Spotify Gets Serious About Fitness
Spotify has long been the soundtrack to your workout — but now it wants to be the workout itself.
The streaming platform has announced a significant new partnership with Peloton, bringing over 1,400 guided fitness classes directly into the Spotify app for Premium subscribers. It's the boldest move yet in Spotify's ongoing push beyond music, and it signals the company has its sights set firmly on the growing digital fitness market.
What's Included
Alongside the Peloton class library, Spotify is rolling out curated fitness content from some of the biggest names in the online wellness space, including:
- Yoga with Kassandra — one of YouTube's most-followed yoga instructors
- Sweaty Studio — high-energy cardio and dance workouts
- Chloe Ting — viral fitness challenge creator with tens of millions of followers
- Pilates Body by Raven — Pilates-focused programming with a loyal online community
The classes will live alongside Spotify's existing workout playlists, podcasts, and audiobooks, creating what the company is positioning as a holistic wellness hub.
A Natural — If Crowded — Evolution
Spotify's expansion into fitness isn't entirely surprising. The platform has spent years broadening its content portfolio: it acquired podcast networks, launched audiobooks, and has experimented with customized running playlists that adapt tempo to your pace. Wellness has always been adjacent to music, and plenty of users already build their own exercise playlists on the platform.
But the move does raise questions about app clutter. Spotify's interface has grown increasingly complex as it has bolted on new content categories, and critics have noted that the core music discovery experience has suffered as a result. Adding a full fitness class library — complete with video content — is a significant bet that users want a single app for all their wellness needs, rather than switching between Spotify, Peloton's own app, or YouTube.

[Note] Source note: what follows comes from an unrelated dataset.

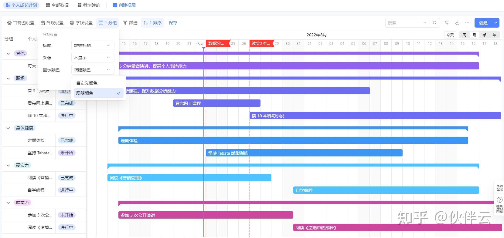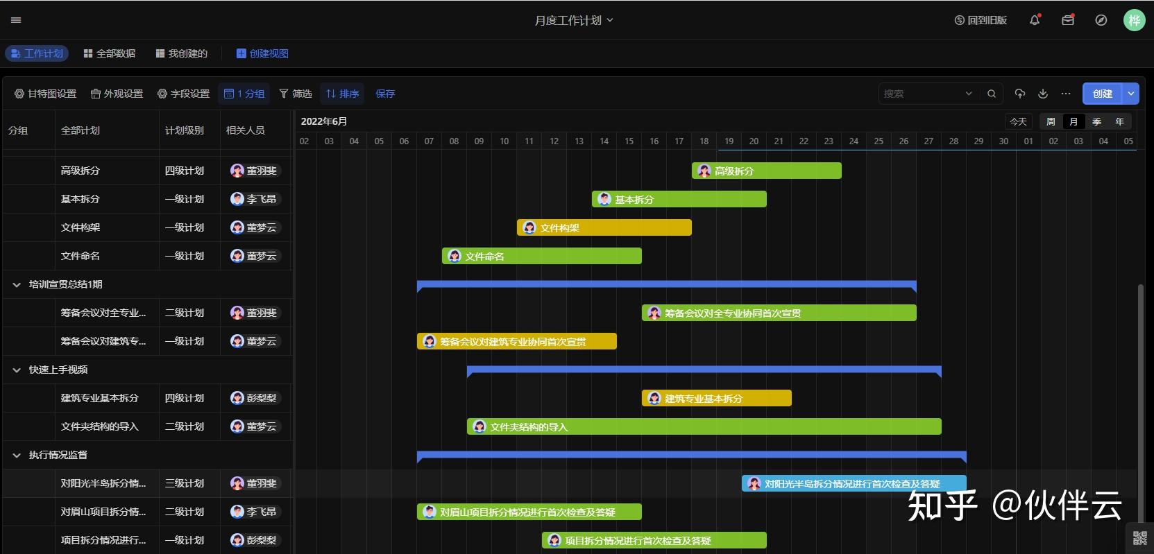 下面这两张是我用伙伴云制作出来的甘特图,别的咱先不说,就这颜值也是爱了爱了!

Peloton's Ongoing Reinvention
For Peloton, the partnership is another chapter in its post-pandemic reinvention. After explosive growth during COVID-19 lockdowns, the company faced a sharp decline as gyms reopened and consumers pulled back on big-ticket home fitness equipment. Peloton has since pivoted toward a software and content model, seeking to license its class library and brand beyond its own hardware ecosystem.

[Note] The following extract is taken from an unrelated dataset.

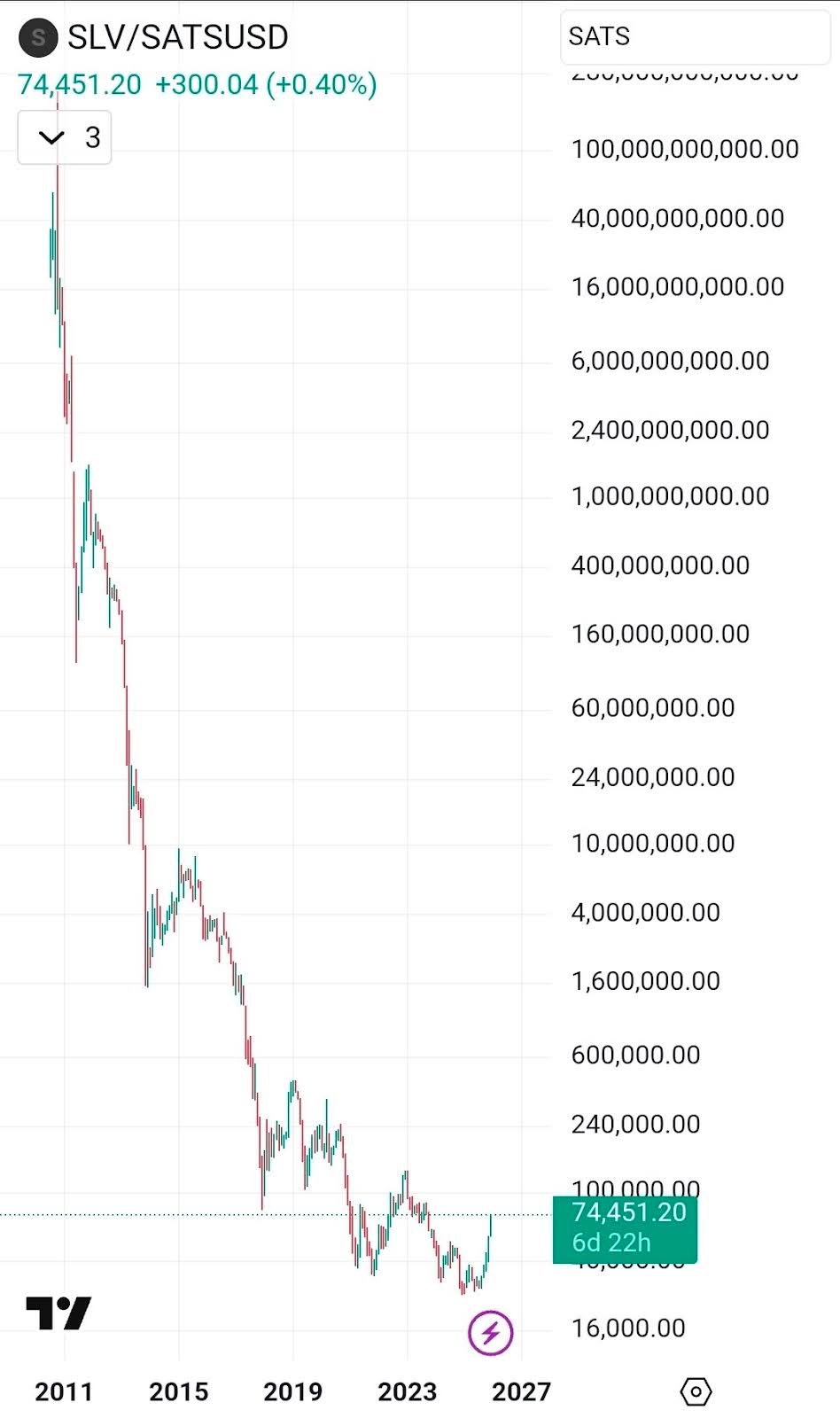 [첨부 이미지 3: 비트코인 대비 은 가격 비율 차트]

Distributing content through Spotify — which has over 675 million monthly active users globally — is a massive distribution opportunity for Peloton, putting its instructors and brand in front of an audience far larger than its existing subscriber base.
What It Means for Subscribers
For Spotify Premium users, the addition is essentially free value on top of an existing subscription. Whether it's enough to pull fitness-focused users away from dedicated apps like Apple Fitness+, Nike Training Club, or Peloton's own platform remains to be seen.
The feature is rolling out now, though availability may vary by region.